The study of vertebrobasilar stroke has improved knowledge of the pathophysiological basis of eye movement disorders. In this line, some eye movement disorders considered to be either idiopathic, or not produced by stroke, have recently been attributed to small lesions of vascular origin, most often infarcts, disclosed by modern neuroimaging techniques, such as high-resolution MRI and functional neuroimaging.
In the clinical setting, these small lesions have provided the opportunity to propose clinical pathophysiological models regarding the different neural networks in the brainstem and cerebellum, as well as connectivity with other levels participating in eye movement control. These clinical models, in turn, have served to develop computational models to be tested in experimental settings to increase knowledge of this intricate system. Interaction between experimental models and stroke patients with eye movement abnormalities has led to a better understanding of how the brain controls eye movements.
Important advances have occurred in the understanding of the neural pathways of saccadic, pursuit and vestibulo-ocular reflex movements. A better understanding of the physiopathological aspects of nystagmus has also been achieved, particularly with concern to upbeat and downbeat nystagmus and pendular nystagmus associated with palatal tremor.
Furthermore, posterior circulation stroke is not uncommon. Lesion localization in vertebrobasilar stroke can be a daunting task, mainly when small stroke lesions fail to produce long-tract signs or typical signs of posterior circulation involvement. The complex vascular architecture of the vertebrobasilar system makes the brainstem, in particular, susceptible to small lesions that cause a broad spectrum of neuro-ophthalmological signs.

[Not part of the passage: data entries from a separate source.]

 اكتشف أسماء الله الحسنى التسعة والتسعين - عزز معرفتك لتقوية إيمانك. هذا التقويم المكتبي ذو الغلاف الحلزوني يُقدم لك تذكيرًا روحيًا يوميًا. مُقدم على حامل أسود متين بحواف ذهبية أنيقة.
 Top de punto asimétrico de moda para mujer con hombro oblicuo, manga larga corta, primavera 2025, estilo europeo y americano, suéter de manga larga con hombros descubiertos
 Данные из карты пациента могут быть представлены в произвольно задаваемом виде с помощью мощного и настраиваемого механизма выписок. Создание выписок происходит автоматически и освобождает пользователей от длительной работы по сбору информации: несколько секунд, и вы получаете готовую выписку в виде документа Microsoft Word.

In clinical settings, eye-movement abnormalities may have specific anatomical correlates that can act as clues for accurate localization at different levels of the brainstem and cerebellum. In daily clinical practice, eye movement disorders caused by stroke can, in most cases, be identified at the bedside, although they often go unrecognized.
 

Five-year View

Despite growing understanding of the organization of oculomotor control, many critical questions remain to be answered. For example, the brainstem vestibulo–oculomotor pathways are not yet fully known, the clinical implications of lesions involving the reticular formation have not been completely settled and therapeutic approach in patients with disabling or long-lasting eye movement disorders remain to be explored.
Therefore, future developments in this area will, hopefully, answer these critical issues in the experimental and clinical contexts. To date, increasing application of functional imaging techniques, such as PET scans, functional MRI and MRI tractography, has provided in vivo information about neuronal pathways. In stroke-induced eye movement disorders, these techniques will produce further information for better comprehension of the effect of stroke lesions on the circuitry serving the eye-movement system, since they make it possible to establish direct clinical–radiological correlations.

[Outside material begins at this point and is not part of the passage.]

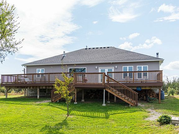 5+ Acres in the County. Minutes to all amenities. Custom built raised bungalow over 2000 sq ft finished space. 9ft ceilings in upper & lower area. 3+3 Bedrooms and 3 bathrooms. Open concept main floor, large family style kitchen with gleaming quartz countertops, maple cabinets, convenient island with seating area, plus a butler pantry. French doors open to a large deck overlooking wooded area and pond with waterfall for the kids to play in. Main floor laundry with access to the double car garage. 3/4" hand scraped oak flooring throughout main floor, open concept living room with fireplace for cozy winter evenings. Lower level has an additional L-shape, 6th bedroom (15', 41'x9'8") storge room (11'8"x10'1") & freezer room (8'5"x8'5"). The 21'6x21'6" garage has both hot and cold water an outlet for EV charger & one for welding. Combination wood/gas furnace plus ICF foundation. This is an exceptional property to raise a family, for a gardener or the craftsman in the family.

Based on the trend observed in both community- and hospital-based stroke registries over the last 25 years, the number of patients suffering vertebrobasilar stroke will continue to grow in the coming years. Although modern imaging techniques that are best suited for early visualization of stroke (including small infarcts and hemorrhages) in the brainstem and cerebellum, will be more available, knowledge, timely recognition and appropriate clinical interpretation of the broad variety of eye movement disorders associated with vertebrobasilar stroke will be no less important.